Auf Zeitungstour
Franz Meurer, Pfarrer in der Kölner Kirchengemeinde St. Theodor und St. Elisabeth, Buchautor und erster Kölner 'alternativer Ehrenbürger'Foto: Smilla Dankert
Drei Uhr nachts. Das Telefon klingelt. Ist es das Krankenhaus, das zur Krankensalbung ruft?
Nein, es ist die Zeitungsausträgerin. Am Anhänger hinter ihrem Fahrrad ist ein Rad abgebrochen. Sie bittet um Hilfe.
Fast fünf Stunden bin ich nun mit ihr per Auto unterwegs. Mit dem Fahrrad geht es schneller, mit dem Auto langsamer. Oft muss ich mit der Warnblinkanlage auf der Straße stehen bleiben, wie es ja auch die machen müssen, die die Pakete tagsüber ausliefern.
Es wird ein interessantes Praktikum bei einer Leistungsträgerin unserer Gesellschaft. Zuerst einmal bin ich stolz, dass sie mich anruft. Denn dafür bin ich doch als Mensch der Kirche da: in der Not zu helfen. Manche junge Menschen sagen ja: "Mit Kirche sehe ich scheiße aus." Zitate darf man nicht verändern!
Die Zeitungsfrau sieht mit Kirche gut aus. Das macht mich froh.
Interessant ist, wer in unserem leider armen Stadtteil die Zeitung per Botin bekommt. Es sind die Menschen in den bürgerlichen Ecken des Stadtviertels, vor allem in den zwei kleinen Bereichen mit Eigenheimen. Im Hochhaus gegenüber der Kirche, das den Kirchturm überragt, sind es gerade mal zwei Abonnenten.
Eine Dame wartet am offenen Fenster auf die Zeitung. Die Botin reicht sie hoch, dann folgt ein kurzes Gespräch. Wer weiß, vielleicht ist das der wichtigste Kontakt des Tages für die alte Dame?
Eine praktische Frage treibt mich um: "Wo gehen Sie denn zur Toilette, wenn dies auf der Tour nötig wird?" Die Antwort der Zeitungsbotin: "An der Tankstelle, die kennen mich ja seit zehn Jahren."
Das macht mich froh. Offensichtlich halten die Damen und Herren des Nachtdienstes der Tankstelle, die 24 Stunden offen ist, und die Botin zusammen.
Ich erlaube mir am Ende der Tour die Frage: "Was verdienen Sie denn in diesem anstrengenden Job?" Es ist zum Glück kein Minijob. Die Botin erhält im Monat etwa 1100 Euro für knapp fünf Stunden an sechs Tagen in der Woche. Also ein Stundenlohn von knapp zehn Euro.

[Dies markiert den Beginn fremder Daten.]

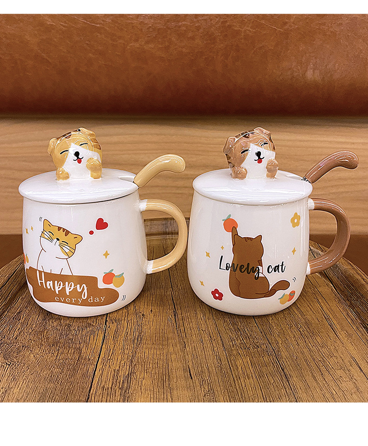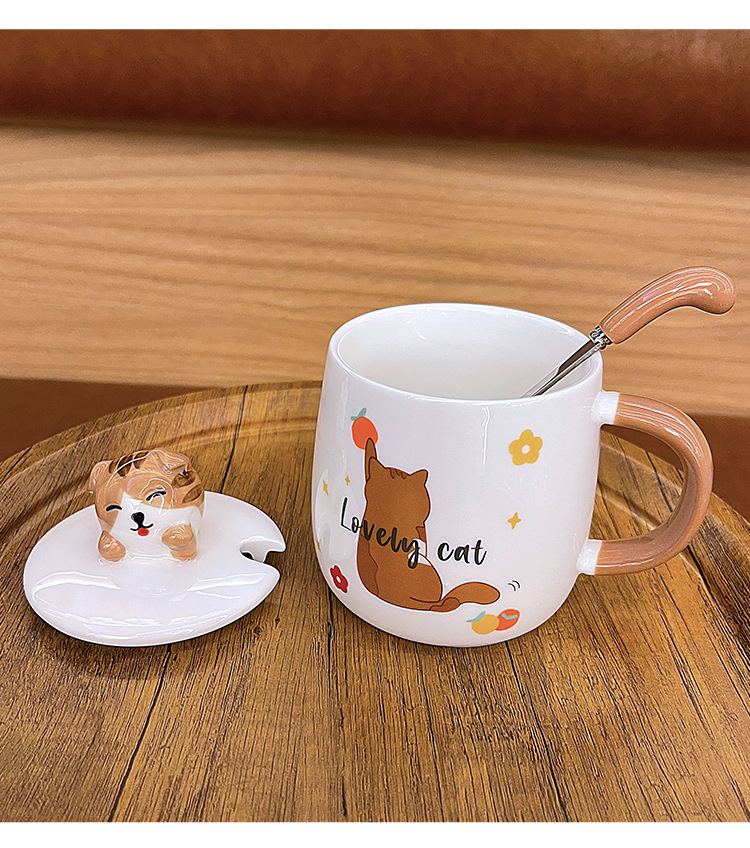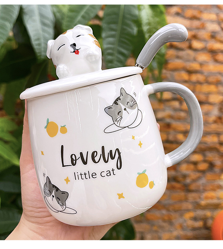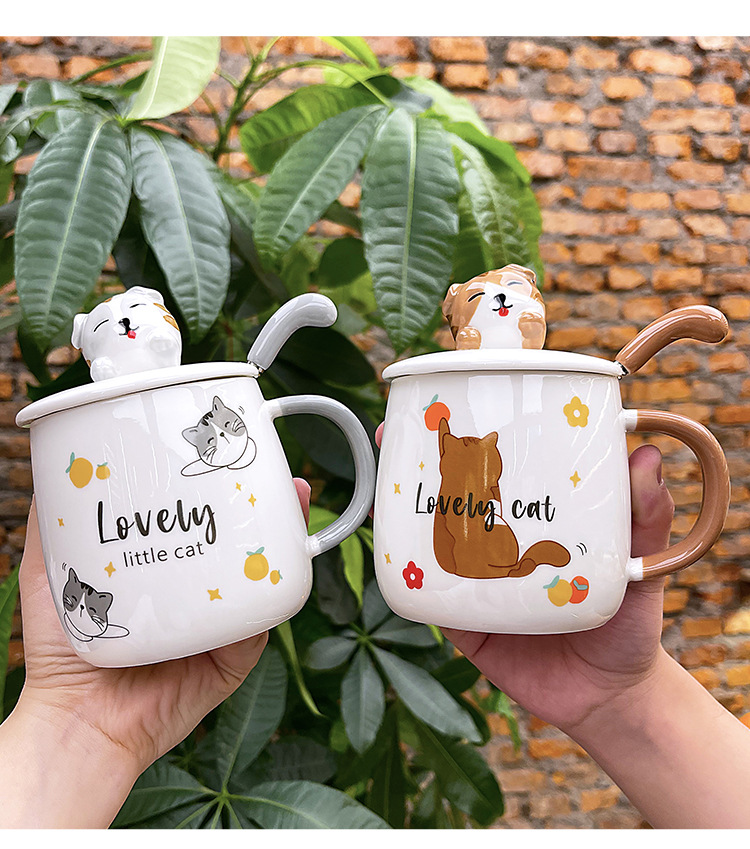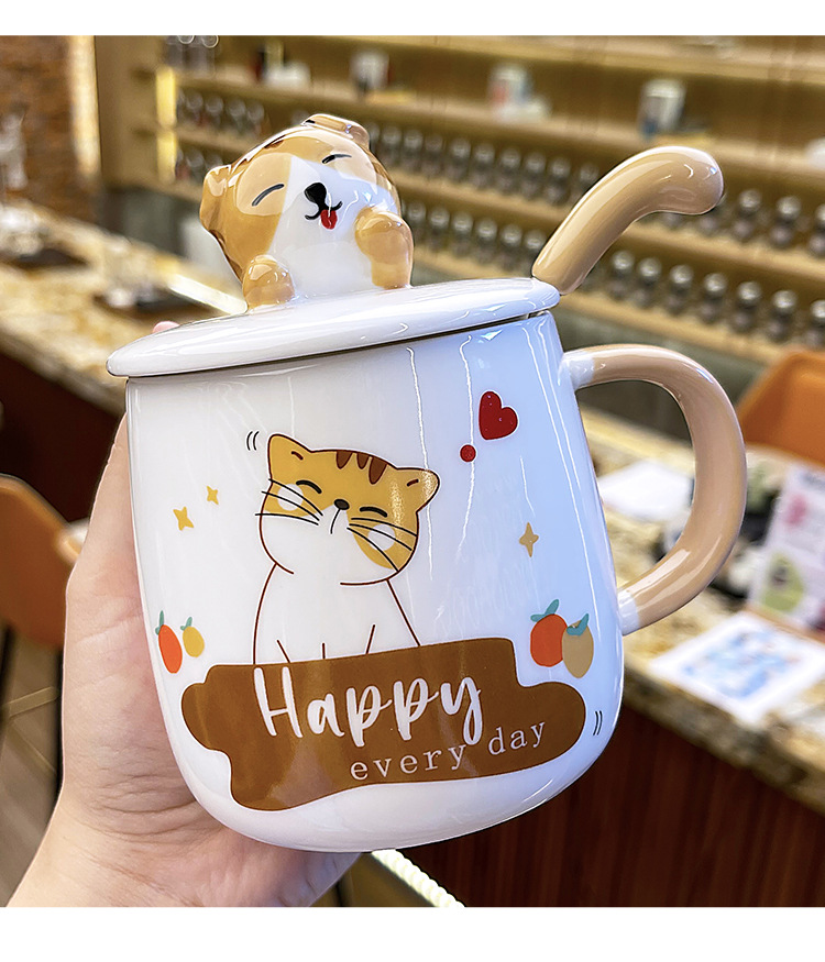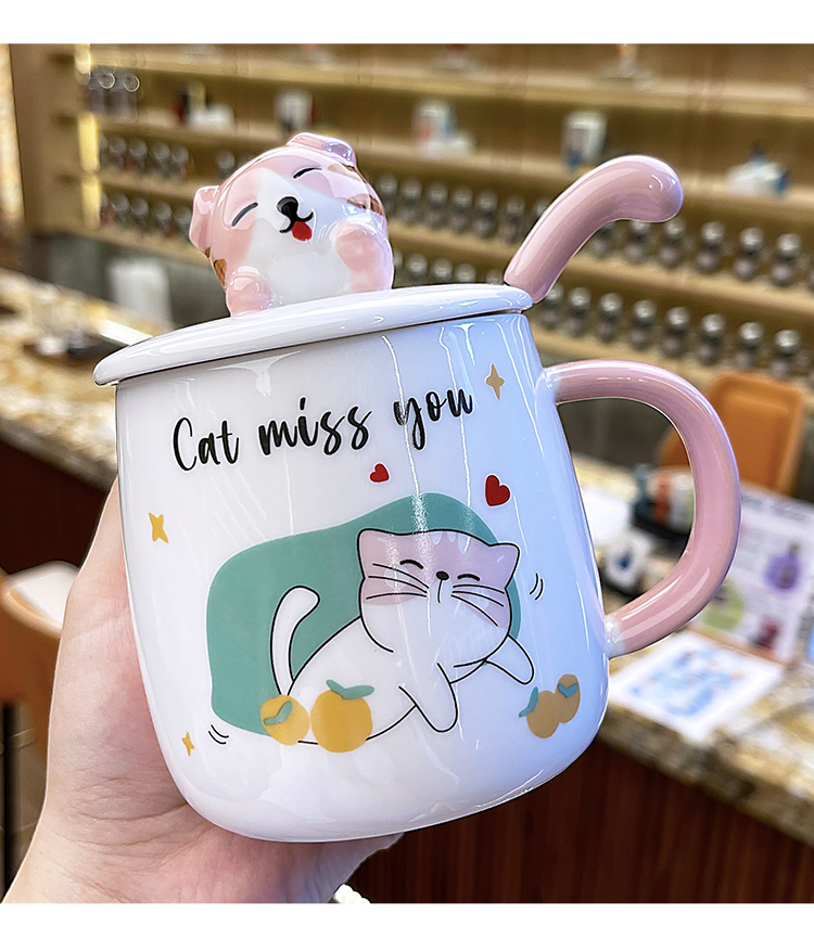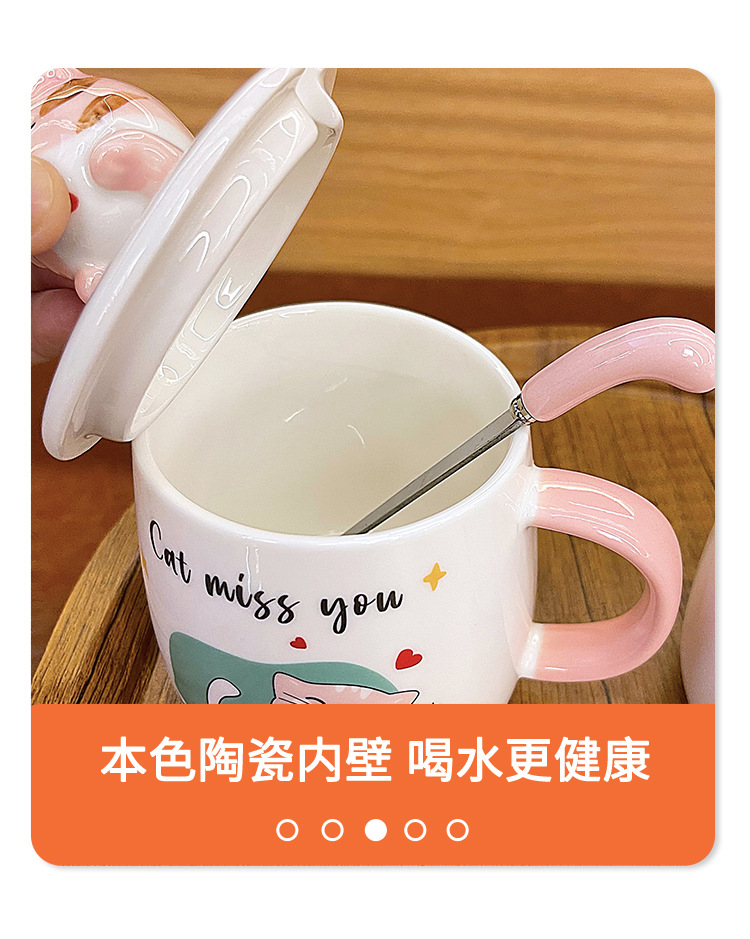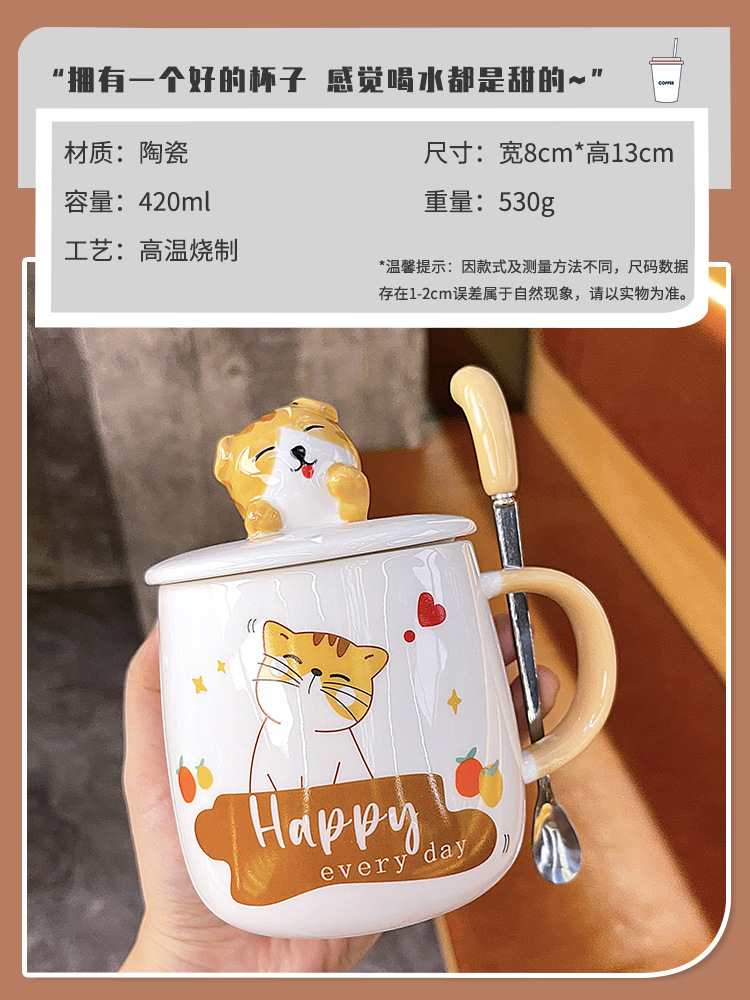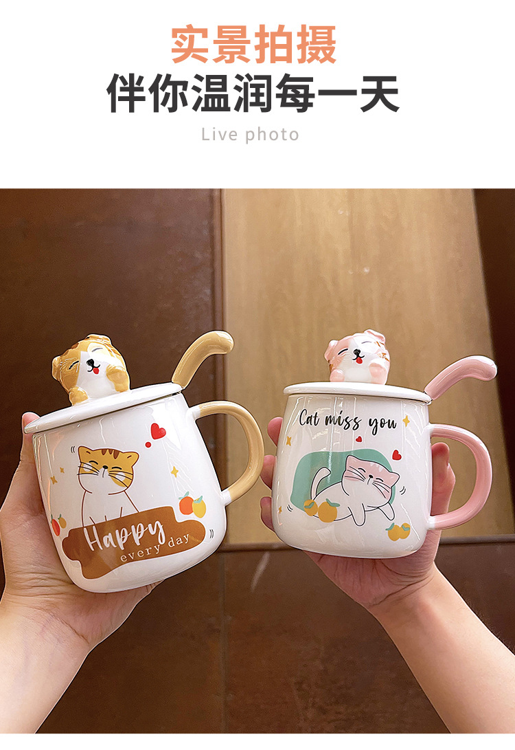 ins卡通可爱马克杯带盖勺高颜值陶瓷喝水杯子男女生设计感咖啡杯 English | 投诉

Am Ende meines Praktikums schaue ich voll Hochachtung auf die Leistung der Botin. Damit die Abonnenten beim Frühstück die druckfrische Zeitung lesen können, ist sie bei Wind und Wetter für kleines Geld unterwegs. Eine Leistungsträgerin unserer Gesellschaft. Ich hoffe, Sie sehen das auch so wie ich.